* **What this task involves**: Would you output the lines from the one with "El cuerpo de" through the last line of the material below, exactly, but without pictures?

====== Exercise inputs ======

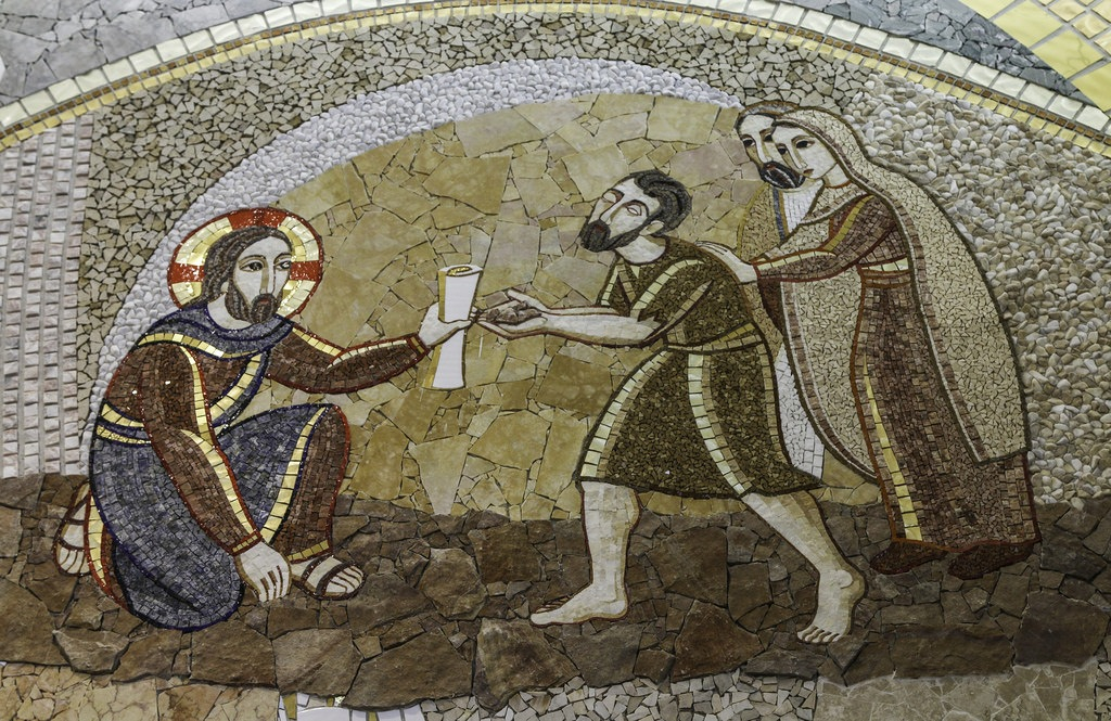 Amikor Jeruzsálembe menet Jézus Jerikó városához közeledett, egy vak koldus ült az út szélén. Amint ez meghallotta, hogy sokan vonulnak arra, megkérdezte, mi történik. Mondták neki, hogy a názáreti Jézus jön errefelé. Erre kiáltozni kezdett: „Jézus, Dávid fia könyörülj rajtam!” Akik elöl mentek, csitították, hogy hallgasson. De ő annál jobban kiáltotta: „Dávid fia, könyörülj rajtam!” Jézus ekkor megállt, és szólt, hogy vezessék hozzá. Amikor odaért, megkérdezte: „Mit akarsz, mit tegyek veled?” A vak könyörgött: „Uram, hogy lássak!” Jézus így szólt hozzá: „Láss! Hited meggyógyított téged.” Azonnal visszanyerte látását. Dicsőítette Istent, és követte őt. Ennek láttára az egész nép áldotta Istent.
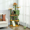 PawHut 54" Cat Tree, Cat Tower for Indoor Cats with Scratching Posts, Cat Condos, Bed, Platforms, Ramp, Toy Ball, Cat Activity Center, Green
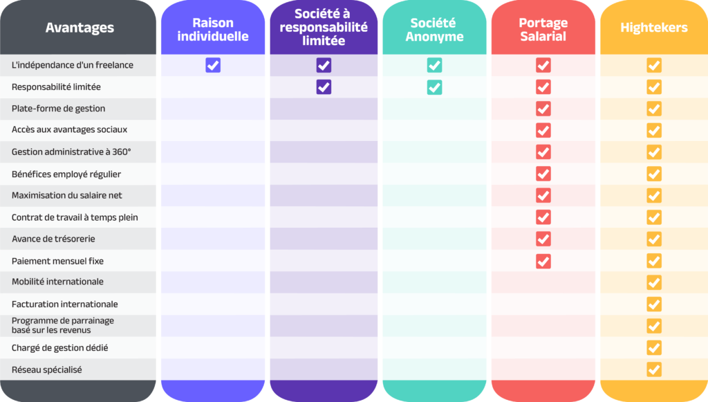 - Avec Hightekers, vous n’avez plus besoin de vous soucier de votre statut de freelance car vous devenez un employé à temps plein avec un contrat à temps avec Hightekers.
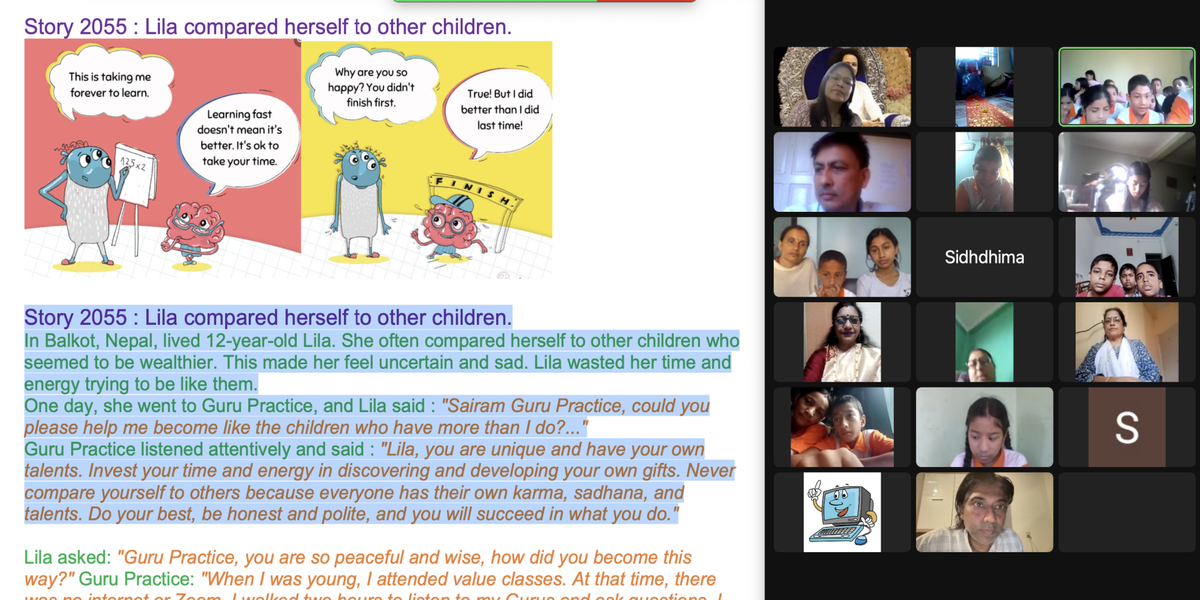 | 04-230sa Sept 09, 2023. | Story 2055: Lila compared herself to other children. | Let's share our experiences and insights through words and/or creative expression, such as art, poetry, music, drama, or drawings, to inspire each other. | Ssssb-guru Daju (Sunil Marapin). Support team: Gurus and Youth team | Nepal 09:00 - 10:15, Congo 4:15-5:30, India 8:45-10:00, Holland 5:15-6:30, Bangladesh 09:15 - 10:13, Qatar 06:15-07:30 | Saturday Family class | |
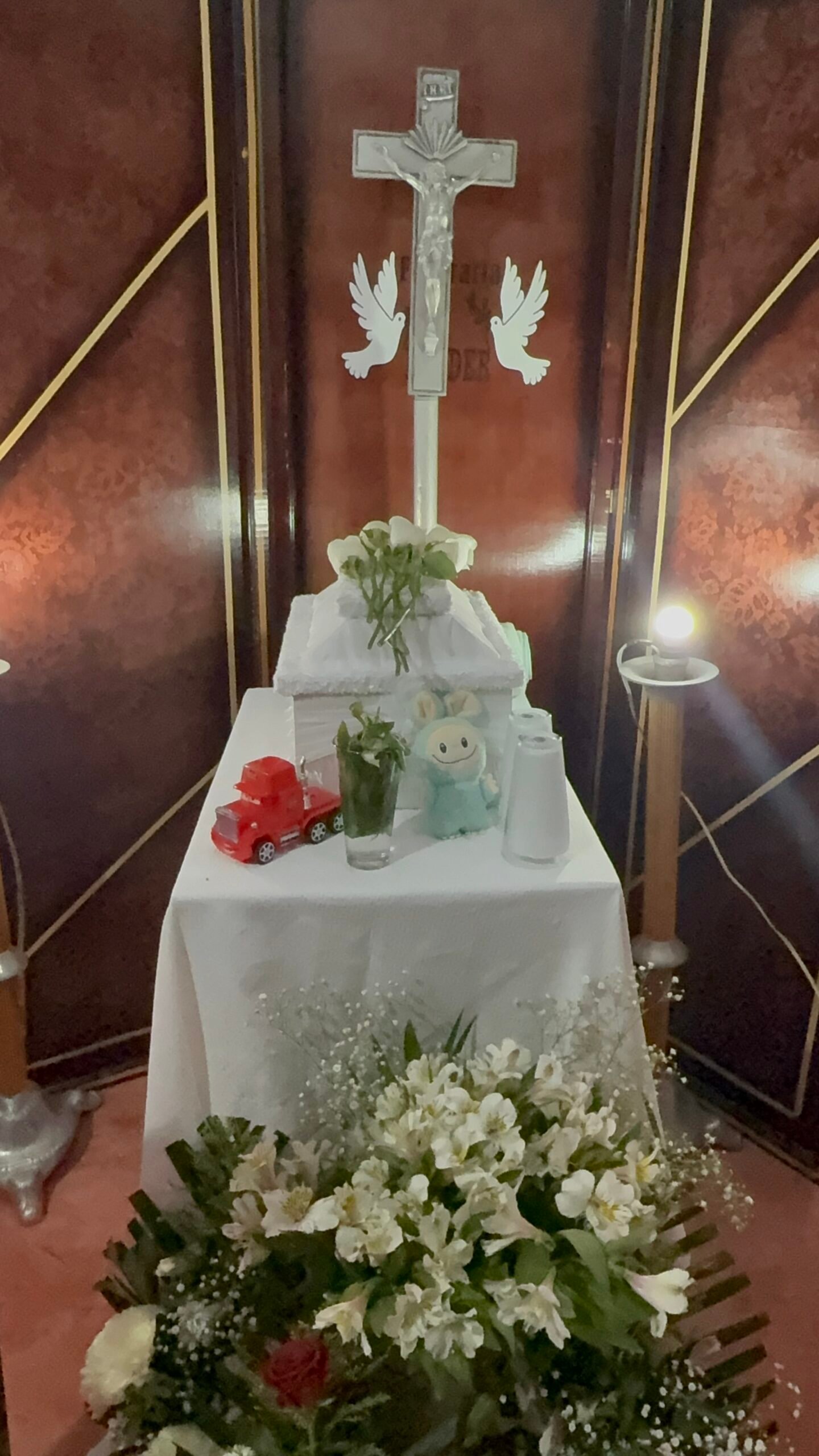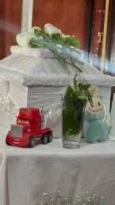 El cuerpo de Tiago está siendo velado en Minatitlán, en una caja pequeña color blanco, rodeado de los primeros juguetes que tenían para su llegada, la familia busca justicia, señalan al hospital como los responsables de la muerte del pequeño.
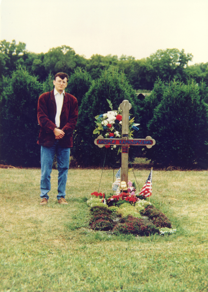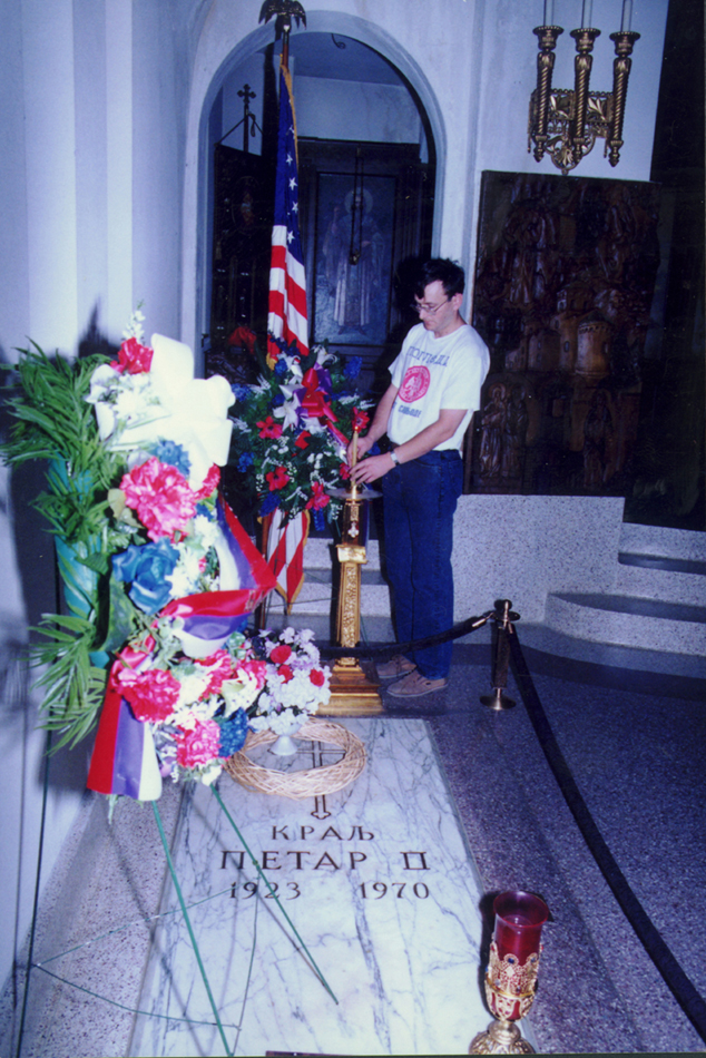 - На гробу принца Андрије, испред Нове Грачанице, Либертвил, 1991. Од свих Карађорђевића, емигранти су највише хвалили принца Андрију, који је почетком те године погинуо под неразјашњеним околностима (угушио се у ауту, у гаражи, од угљендиоксида из ауспуха…)

======

* **Exercise result**:
 El cuerpo de Tiago está siendo velado en Minatitlán, en una caja pequeña color blanco, rodeado de los primeros juguetes que tenían para su llegada, la familia busca justicia, señalan al hospital como los responsables de la muerte del pequeño.
 - На гробу принца Андрије, испред Нове Грачанице, Либертвил, 1991. Од свих Карађорђевића, емигранти су највише хвалили принца Андрију, који је почетком те године погинуо под неразјашњеним околностима (угушио се у ауту, у гаражи, од угљендиоксида из ауспуха…)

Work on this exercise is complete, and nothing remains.